Ga direct naar de inhoud Ga direct naar de footer

Vervallen V&A 08-060 Toegestane overschrijding van de 100%-grens door onderlinge ruil van pensioensoorten d.d. 110209

Belangrijk!  Vervallen

Deze versie van het Vraag & Antwoord is vervangen door Vraag & Antwoord 08-060 d.d. 6 januari 2016.

Vraag

In artikel 18d, eerste lid, onderdeel d, van de Wet LB wordt voor het ouderdoms-, partner- en wezenpensioen overschrijding toegestaan van de maxima van de artikelen 18a, 18b en 18c van de Wet LB, indien dit het gevolg is van een gehele of gedeeltelijke onderlinge ruil van pensioensoorten.

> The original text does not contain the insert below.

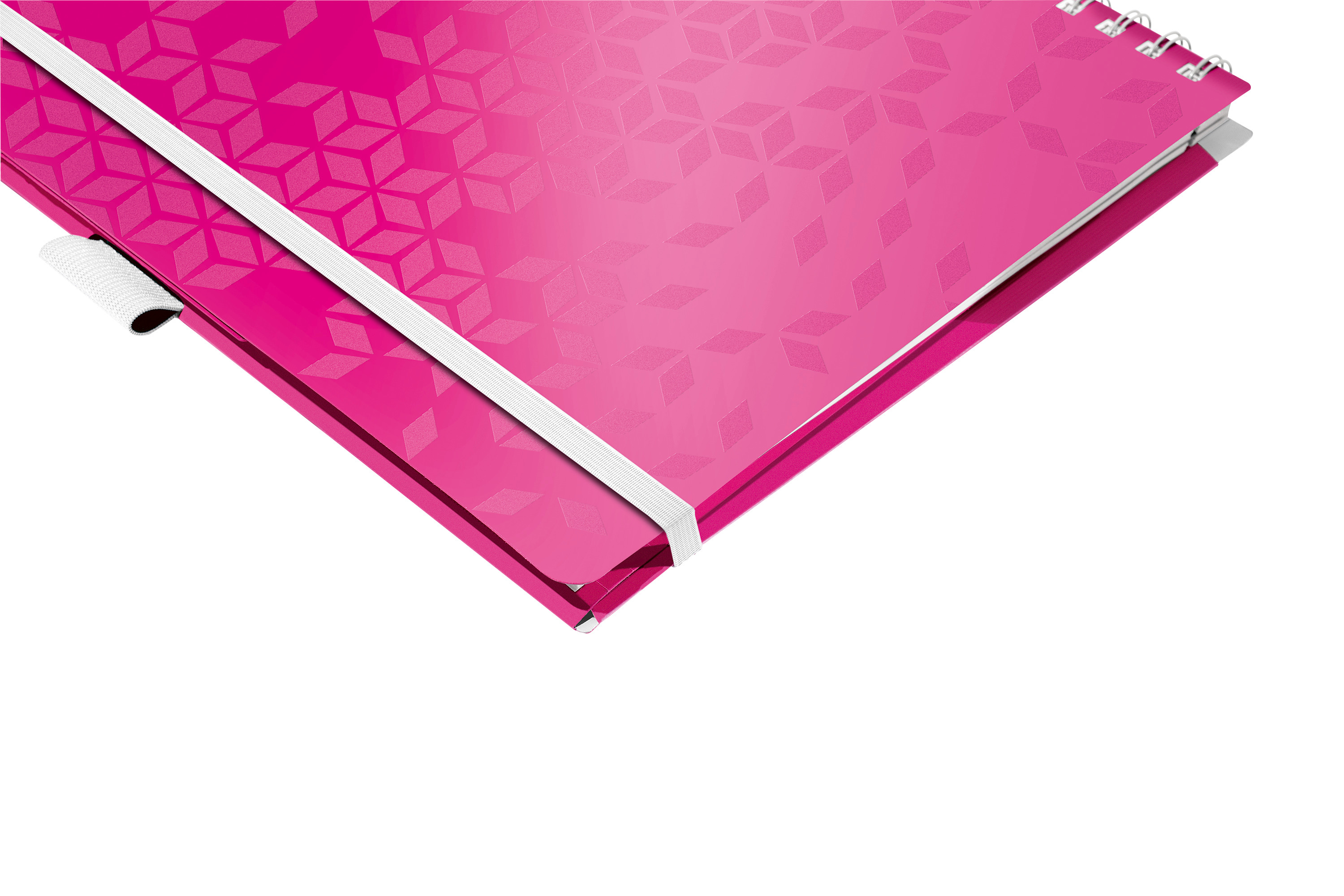 Die perfekte Kombination aus Design und Funktionalität für unterwegs. Collegeblock mit 3 Klappen am Rückdeckel für die Ablage loser Blätter. Brillante WOW Farben und stylische geometrische Prägung des Einbands.

Geeft artikel 18d, eerste lid, onderdeel d, van de Wet LB een limitatieve opsomming van de toegestane ruilmogelijkheden?

Antwoord

Nee, de mogelijkheden en onmogelijkheden van onderlinge ruil van pensioensoorten worden in eerste instantie bepaald door de inhoud van de pensioenregeling. De in de pensioenregeling aangeboden ruilmogelijkheden hoeven zich dus niet te beperken tot de pensioensoorten genoemd in artikel 18d, eerste lid, onderdeel d, van de Wet LB. Zo kunnen opgebouwde rechten uit een overbruggingspensioen worden uitgeruild tegen hogere rechten op ouderdoms-, partner- of wezenpensioen. Dergelijke, niet in artikel 18d, eerste lid, onderdeel d, van de Wet LB genoemde vormen van ruil dienen wel te voldoen aan de volgende voorwaarden:

  • De pensioenen blijven na de ruil binnen de grenzen van de artikelen 18a, 18b, 18c, 18e (tekst 2004) en 38a (tekst 2004) van de Wet LB.
  • Rechten die zijn gebaseerd op gestorte (risico)premies voor het verzekeren van het verschil tussen het opgebouwde partnerpensioen en het bereikbare partnerpensioen kunnen niet worden geruild voor hogere pensioenrechten met een opbouwkarakter. Hetzelfde geldt voor rechten die voortvloeien uit gestorte premies voor pensioenen met een risicokarakter zoals het nabestaandenoverbruggingspensioen en het arbeidsongeschiktheidspensioen. Zie ook Vraag en Antwoord 08-067.
  • De ruil moet blijven binnen de grenzen van artikel 18d, tweede lid, van de Wet LB.
  • Ruil kan niet meer plaatsvinden nadat één van de daarbij betrokken pensioenen is ingegaan.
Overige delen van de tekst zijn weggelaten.